Neuer Weg
- Categories: Political magazine
- Frequency: Monthly; Weekly; Biweekly;
- Publisher: Dietz Verlag
- Founded: 1946
- Final issue: 1989
- Country: German Democratic Republic
- Based in: East Berlin
- Language: German

= Neuer Weg (magazine) =

East German political magazine (1946–1989)

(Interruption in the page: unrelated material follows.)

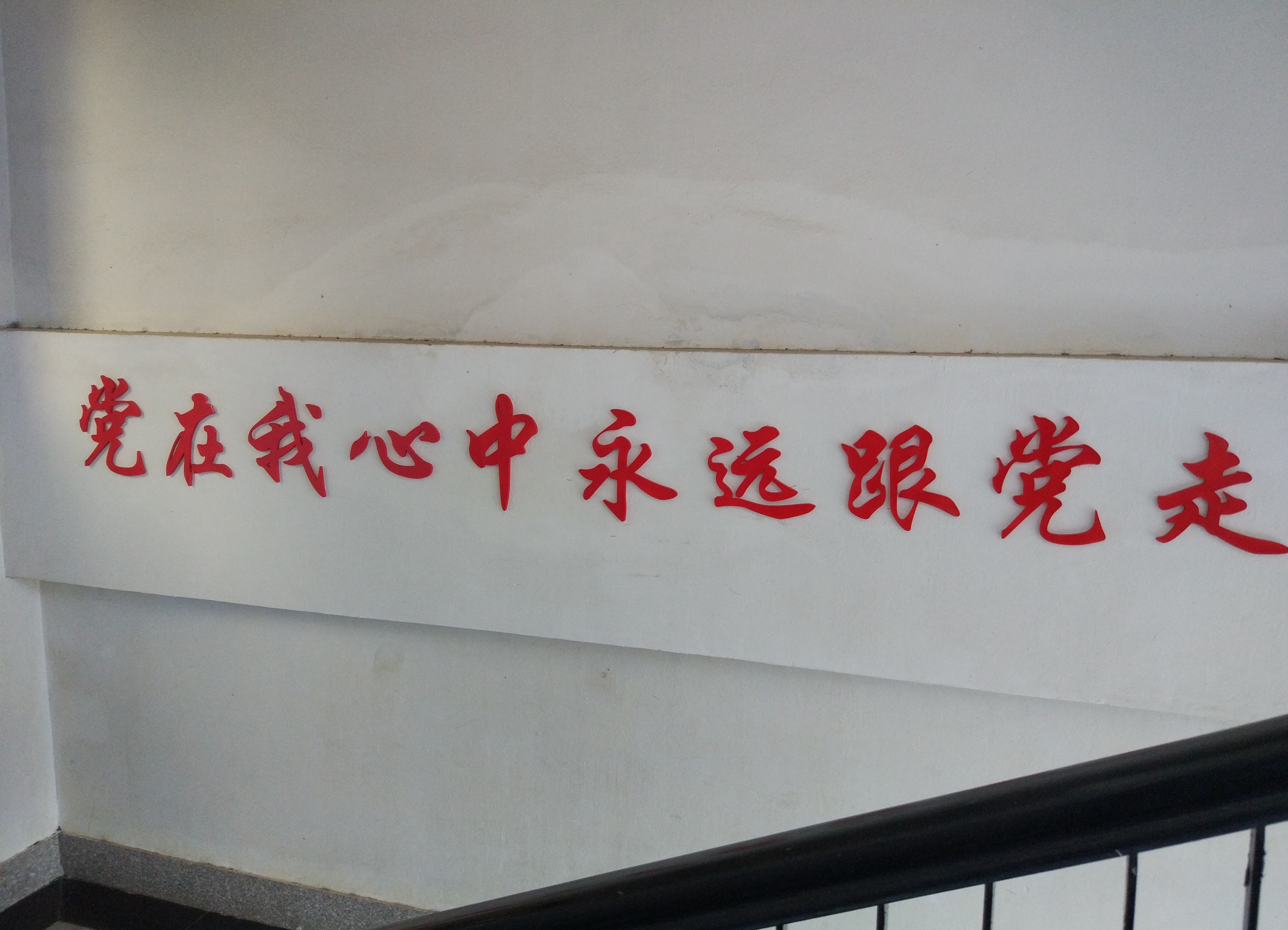 党建示范楼梯(二) 活动前期,由市场营销系学生党支部安排支部党员测量党建示范楼梯的尺寸和确定图案,并拟定《市场营销系学生党支部开展布置“党建示范楼梯”活动策划书》。与此同时,做好活动分工及物料准备工作,确保各个流程顺利进行。活动中期,跟进活动进度,做好拍照宣传工作,在支部微博上进行展示。活动后期,召集负责人员,进行活动资料整理,及时存档。

Neuer Weg (New Path) was the official media outlet of the East German ruling party, Socialist Unity Party (SED). Its subtitle was organ des Zentralkomitees der SED fur Fragen des Parteilebens (German: Organ of the Central Committee of the SED for questions of party life). The magazine was in circulation between 1946 and 1989.

==History and profile==
Neuer Weg was started in 1946. Its publisher was Dietz Verlag based in East Berlin. The magazine was first published monthly. Then its frequency was switched to weekly, but from 1953 it came out biweekly. It featured theoretical articles written by the leading members of the SED, including Werner Lamberz. The editorial board members of the magazine and also, of Einheit, another official journal, were closely oversaw by the wife of Walter Ulbricht, Lotte Kühn, during the former's term as first secretary of the SED. Neuer Weg folded in 1989.